Potassium is, like sodium , a mineral element. It is mainly found in plants but unlike sodium, rarely in the form of chloride, rather in the form of bicarbonate, citrate or phosphate.
It constitutes, with sodium , the element which plays the most important role in the electrical activity of cells (where it is essentially found):
- it regulates the nervous condition,
- it controls muscle contraction and participates in particular in the functioning of the heart rhythm ,
- it regulates the body's water content.
This is due to the fact that potassium (symbol K) is involved in the same functions as sodium (symbol Na) with a complementary role. The balance between potassium and sodium is fundamental: when one goes up, the other goes down.
Having too much sodium (which is already a problem in itself) is necessarily accompanied by an insufficient level of potassium.
However, a potassium deficit induces many disturbances, as we will explain.
There is a sodium-potassium pump at the level of cell membranes which plays a key role in maintaining the resting potential of nerve, muscle and heart cells.
This pump makes it possible to exchange the sodium ions (Na+), coming from the intracellular medium, with the potassium ions (K+), coming from the extracellular medium, in a precise ratio of 3Na+ for 2 K+.
All living beings (even single-celled beings) have one.
It is at the origin of all energy transformation: for a molecule of sugar or calcium to penetrate into each of the cells of an organism, it needs a companion: a sodium atom. And this sodium pump acts at the level of all our cells (each of them constituting a “mini-factory” which functions independently of all the others).
Originally, our diet was low in sodium and high in potassium, in accordance with the needs of our body. Today we consume ten times more salt and four times less potassium than our ancestors and the sodium-potassium ratio is unbalanced.
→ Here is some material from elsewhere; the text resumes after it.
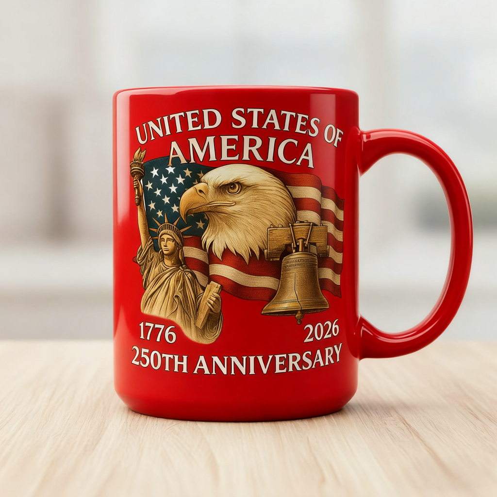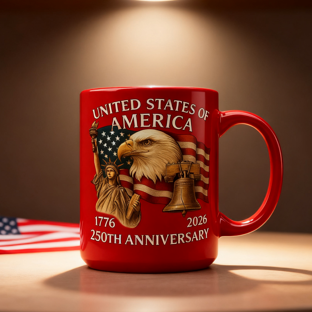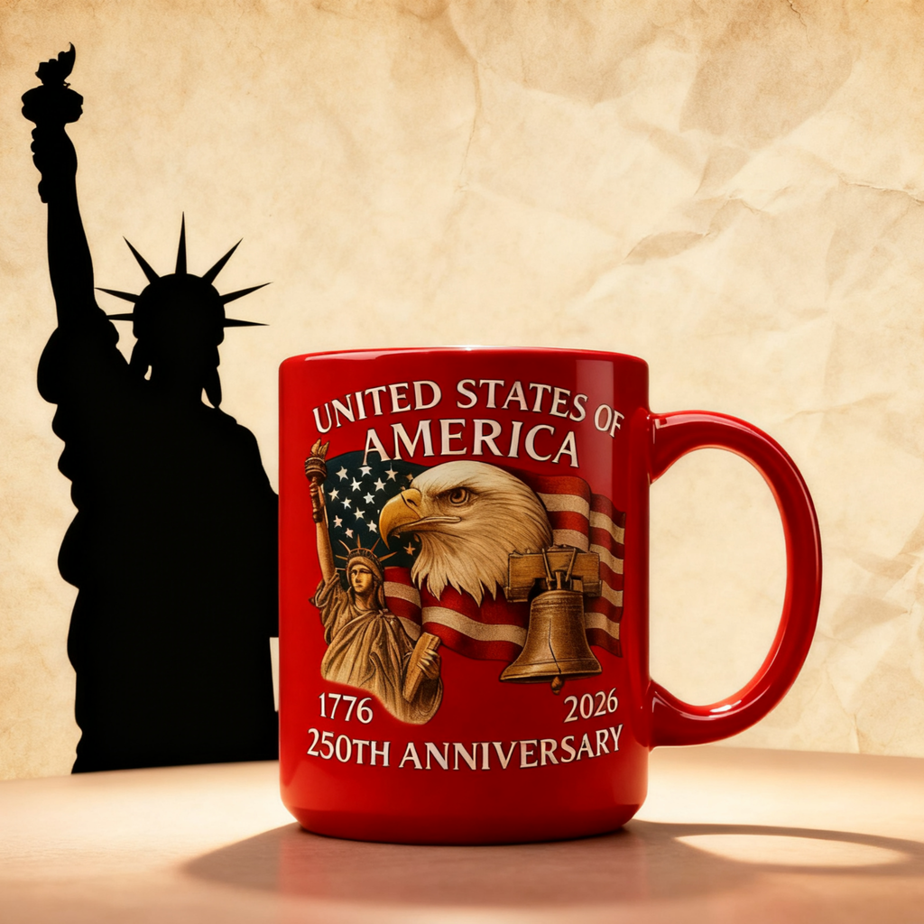 Commemorate the 250th anniversary of American independence with every cup of coffee or tea. Featuring iconic symbols like the Statue of Liberty, the American flag, the White House, and the Brooklyn Bridge, this hand-painted mug is a tribute to freedom, patriotism, and timeless American spirit. 🇺🇸

Potassium and high blood pressure
To survive, our body needs salt because it feeds, as we briefly saw above, the sodium pump providing energy to our body, but a diet too rich in salt promotes water retention. , edema formation and arterial hypertension .
It is the presence of potassium that will allow the elimination of sodium once it has done its job in the cell. If the latter remained swollen with sodium and water, it could no longer function.
Increasing potassium intake lowers blood pressure , apparently both through potassium's ability to increase sodium excretion and through its vasoactive (dilating) effects on blood vessels.
For good regulation of blood pressure , it is therefore necessary to face the following dietary challenge every day: no excess sodium and enough potassium.
Currently, the WHO recommends limiting salt intake (at most 5 grams per day) and increasing potassium intake (at least 3.5 g per day). These recommendations seem unrealistic in view of modern life, but they give a direction to follow.
Be careful though, this rule does not necessarily apply to patients with kidney problems , who have more difficulty eliminating potassium and in whom a high potassium level could induce heart rhythm disorders .
Potassium and kidney failure
The role of the kidneys is to eliminate all the “waste” found in the blood. During kidney failure , the kidney is gradually no longer able to properly eliminate proteins , salt , potassium and phosphorus .
We understood that the role of potassium was essential in the functioning of our body, but the concentration of potassium in the blood plasma (called kalemia ) must remain within a very precise range: a normal level of potassium in the blood in adults is between 3.6 and 5.0 mmol/L.
An accumulation of potassium in the blood, called hyperkalemia , caused by the defect in the renal excretion of potassium, creates a significant risk of arrhythmias and conductive disorders which can lead (in the most serious cases and in the absence of urgent treatment ) to cardio-circulatory arrest.
A potassium deficiency, called hypokalaemia, contributes to hypertonia of the arterioles and their hyperactivity to vasoactive hormones, as well as to sodium retention and calcium loss (a diet rich in potassium would reduce the risk of stroke in postmenopausal women).
It should be noted that a subject on diuretics , permanent laxatives or certain other less common drugs, or an anorexic or bulimic subject, is automatically in a situation of potassium deficiency.
In general, the organism is rather better protected against hyperkalaemia (too much potassium) than against hypokalaemia (not enough potassium), with the exception, however, of the case of the subject with renal insufficiency for whom too much amount of potassium in the blood poses a life-threatening risk.